If you are planning to implement something like this or if you have some feature request, feel free to
contact me at [jens&#46;stuecker&#64;univie&#46;ac&#46;at](mailto:jens.stuecker@univie.ac.at).

## Building wheels

Building wheels for this project is non-trivial because CUDA extension modules are Python-version specific and glibc compatibility depends on the build image. To keep this manageable, we use Docker-based builders in `packaging/`.

### Why there are two builders

* **CUDA 13** is built with a `manylinux_2_28` baseline.
* **CUDA 12** is built with a `manylinux_2_17` baseline and uses conda/micromamba inside the container to install CUDA tooling reliably.
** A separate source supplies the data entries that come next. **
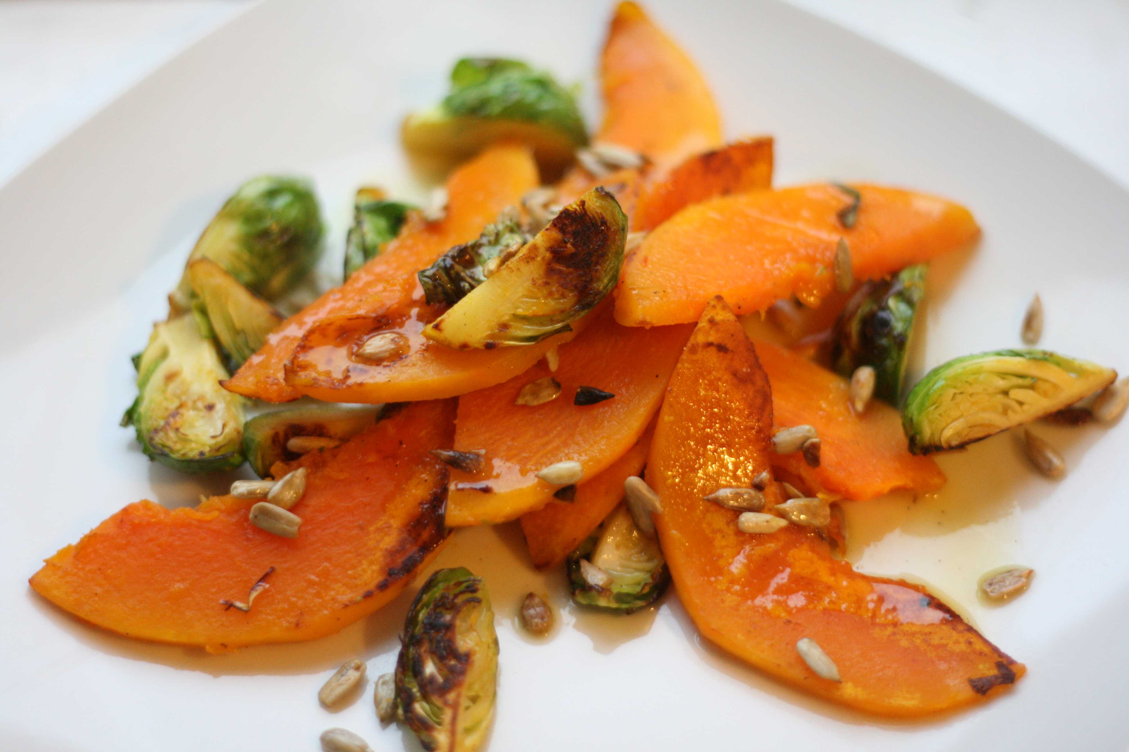 Start med at tænde ovnen på 200 grader. Skræl græskar og skær dem ud i både. Kom dem på en bredepande og hæld olien over dem og kom dem i ovnen i ca. 20-25 min. Skyl rosenkålene og tag evt. de yderste blade af og skær dem i kvarte. Kom smør på en pande og steg rosenkålene og drys en anelse salt over og tilsidst honning eller sirup. De skal steges i ca. et kvarter og gerne ved høj varme, så de bliver sprøde og bitre. Lav dressingen. Rist solsikkekernerne på en pande. Når græskarene er færdige, så bland alle ingredienser og enjoy! //Herdish
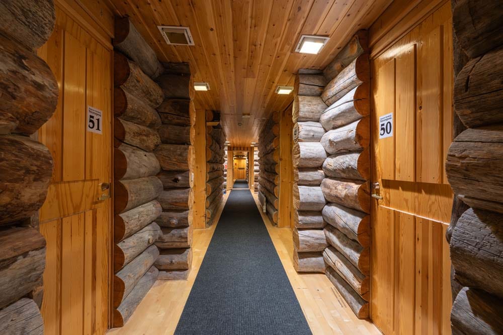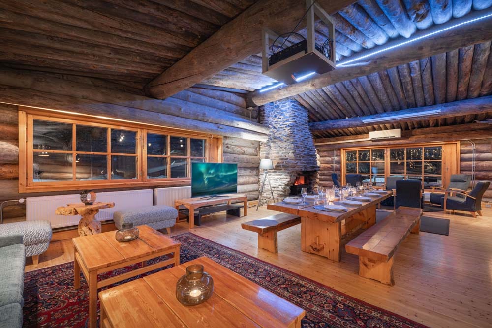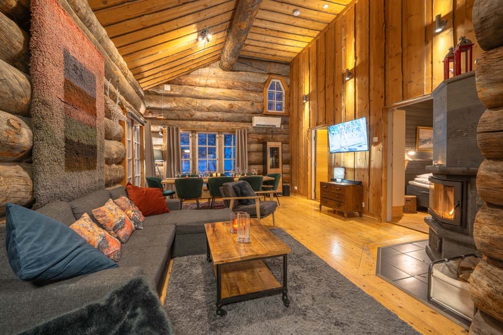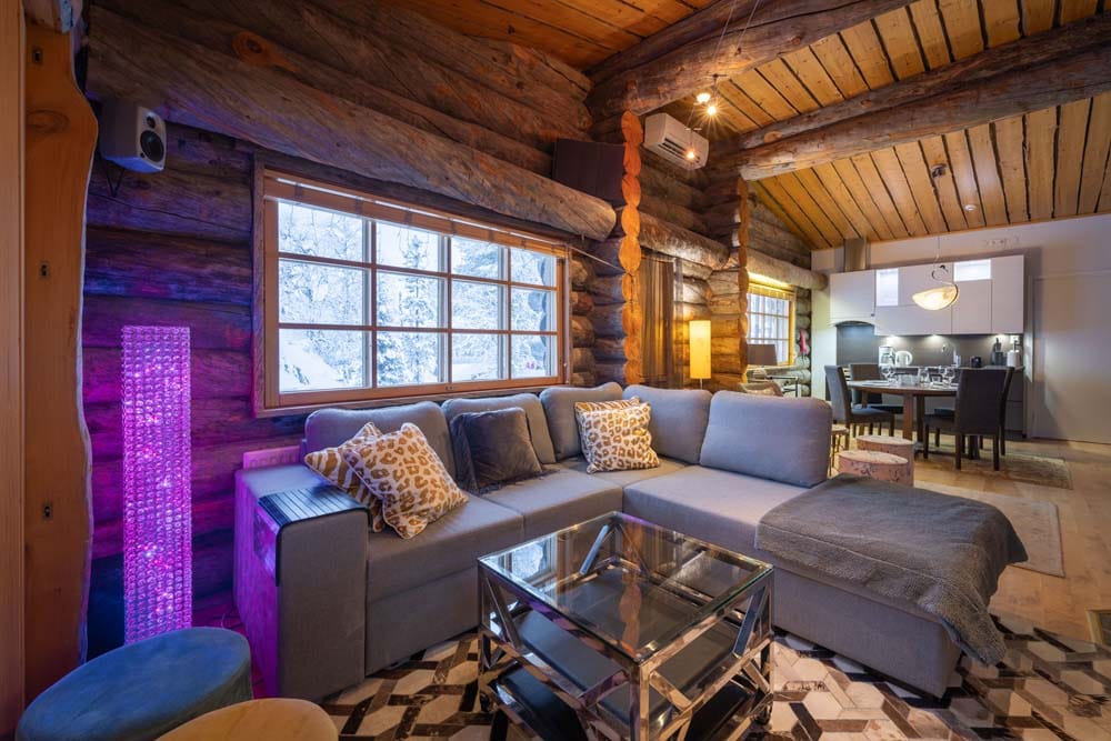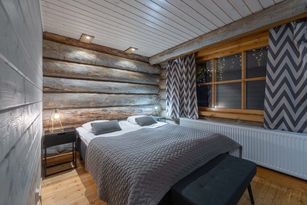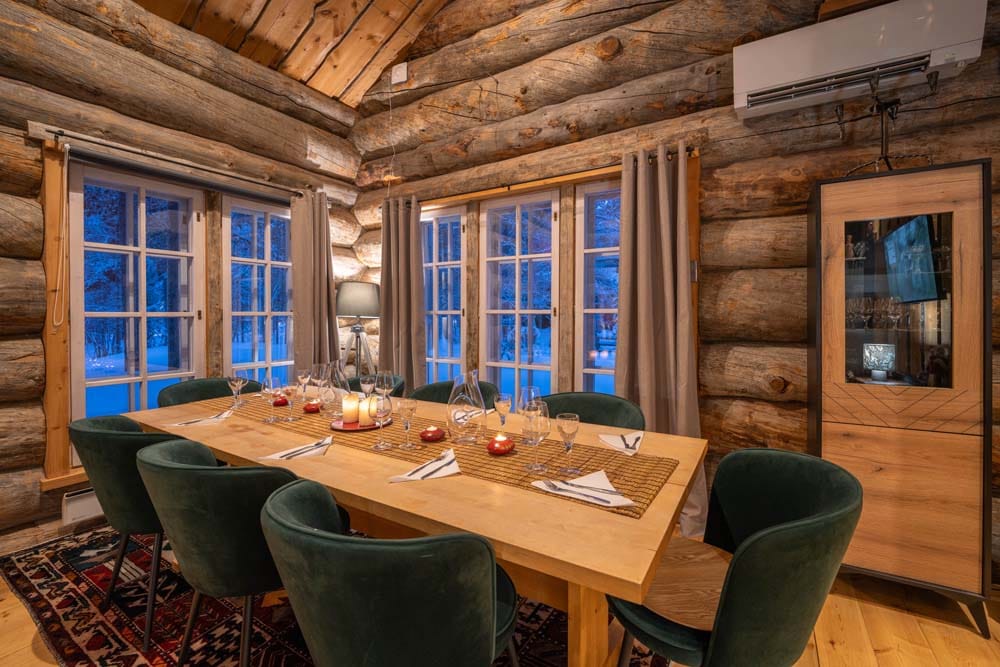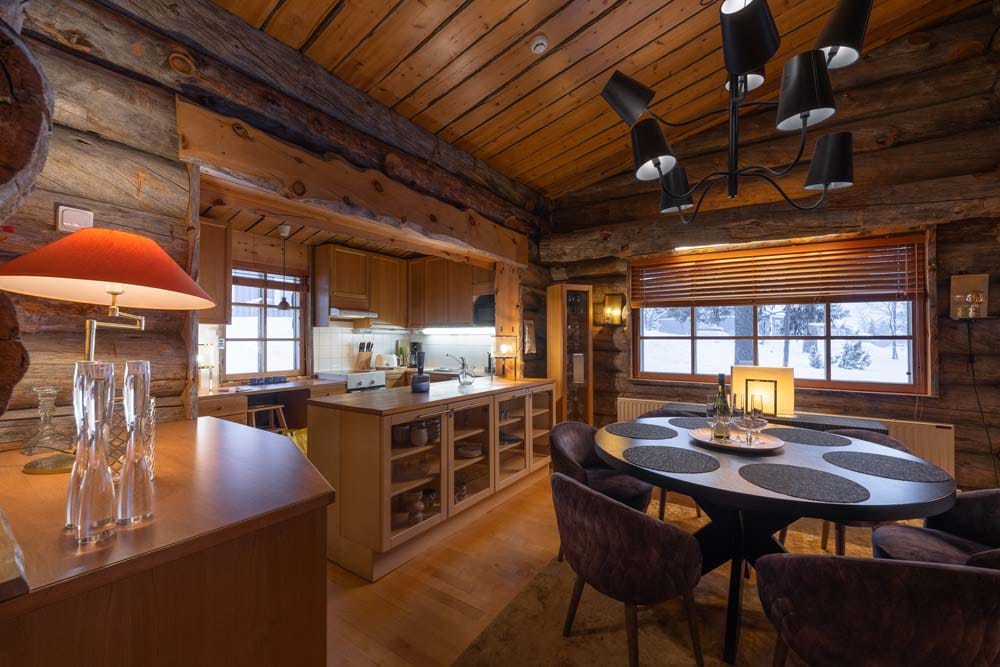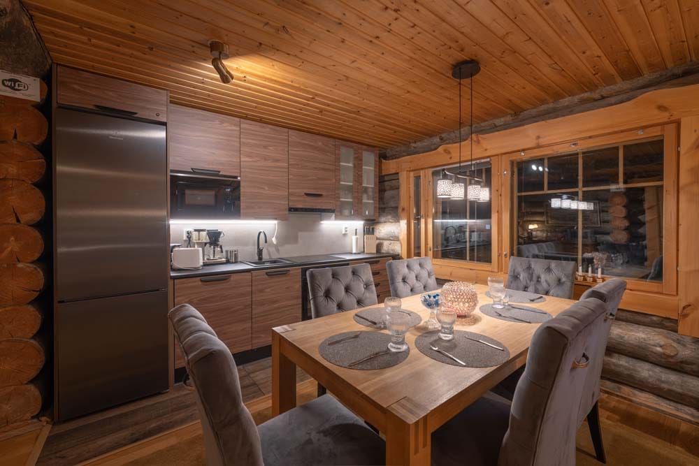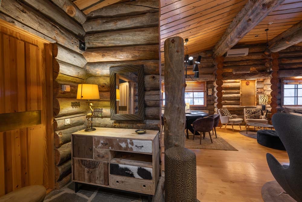 Hirvas is a unique two-bedroom log suite characterized by incredible ceiling height and a spacious living room. A large dining table and atmospheric fireplace bring the group together to enjoy each other’s company. The apartment has a spacious bathroom with two showers and its own sauna, two toilets, a fully equipped kitchen, and its own private hot tub – perfect for relaxation.
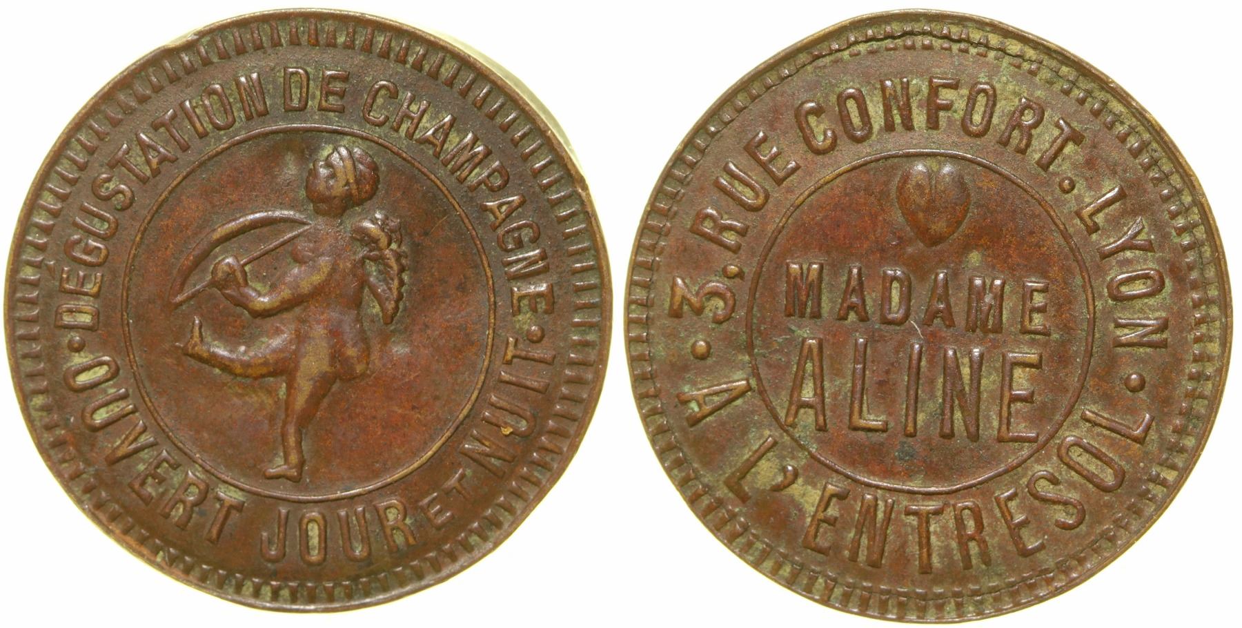 Obv.: 3 Rue Confort. Lyon / Madame Aline / A. L'Entresol; Rev.: Degustation De Champagne / Ouvert Jour Et Nuit. (Champagne tasting / Open Day and Night) Br. rd, 21 mm.
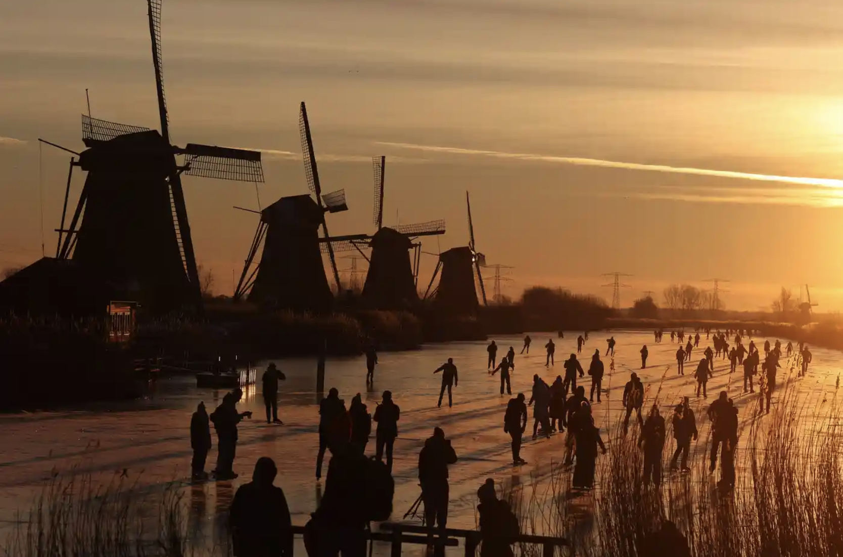 Fotografia serii vine din Olanda unde oamenii au ieșit să patineze pe canalele înghețate. Kenzo Tribouillard/AFP/Getty Images:

This separation keeps each pipeline stable while still supporting broader deployment targets.

### Entry points

Use the top-level launcher to select which pipeline to run:

```bash
./packaging/run-wheel-builds.sh main
./packaging/run-wheel-builds.sh cu13
./packaging/run-wheel-builds.sh cu12
./packaging/run-wheel-builds.sh all
```

You can also run each builder directly:

```bash
./packaging/docker-wheel-builder/run-build-main.sh
./packaging/docker-wheel-builder/run-build.sh
./packaging/docker-wheel-builder-cu12/run-build.sh
```

### Configuration

Edit the config files before running if needed:

* Main package: `packaging/docker-wheel-builder/run-build-main.sh` (wrapper around CUDA13 builder image)
* CUDA 13: `packaging/docker-wheel-builder/config.sh`
* CUDA 12: `packaging/docker-wheel-builder-cu12/config.sh`

Important variables:

* `PYTHON_VERSIONS`: list of Python versions to build.
    * Current default: CUDA 12 builds `3.11-3.13`, CUDA 13 builds `3.11-3.14`.
    * CUDA 12 on Python 3.14 may fail due to missing compatible `jaxlib` wheels for `jax[cuda12-local]`.
* `CUDA_ARCHS`: set to `all` for full coverage, or a smaller value (for example `87`) for faster iteration.
* `AUDITWHEEL_PLAT`: controls the repaired wheel tag (`manylinux_2_28_x86_64` for CUDA13,
    `manylinux_2_17_x86_64` for CUDA12 by default).
* `COPY_TO_PACKAGE_DIST`: if `1`, repaired wheels are copied into the package `dist/` directory.

### Output locations

Raw and repaired wheels are written to builder-specific output folders:

* Main package: `packaging/docker-wheel-builder-main/output/`
* CUDA 13: `packaging/docker-wheel-builder/output/`
* CUDA 12: `packaging/docker-wheel-builder-cu12/output/`

Repaired wheels are placed in each builder's `wheelhouse/` directory, and optionally copied to:

* `packaging/jztree/dist/`
* `packaging/jztree-cu13/dist/`
* `packaging/jztree-cu12/dist/`

For the main `packaging/jztree` package, the wheel is expected to be `py3-none-any` (pure Python). In that case, it is copied directly and does not require `auditwheel` repair, so it is not tied to a glibc baseline.

### Notes

* Re-running a builder is safe; it will rebuild and overwrite outputs for the selected targets.
* We intentionally do **not** upload to PyPI automatically. Upload is done manually after verification.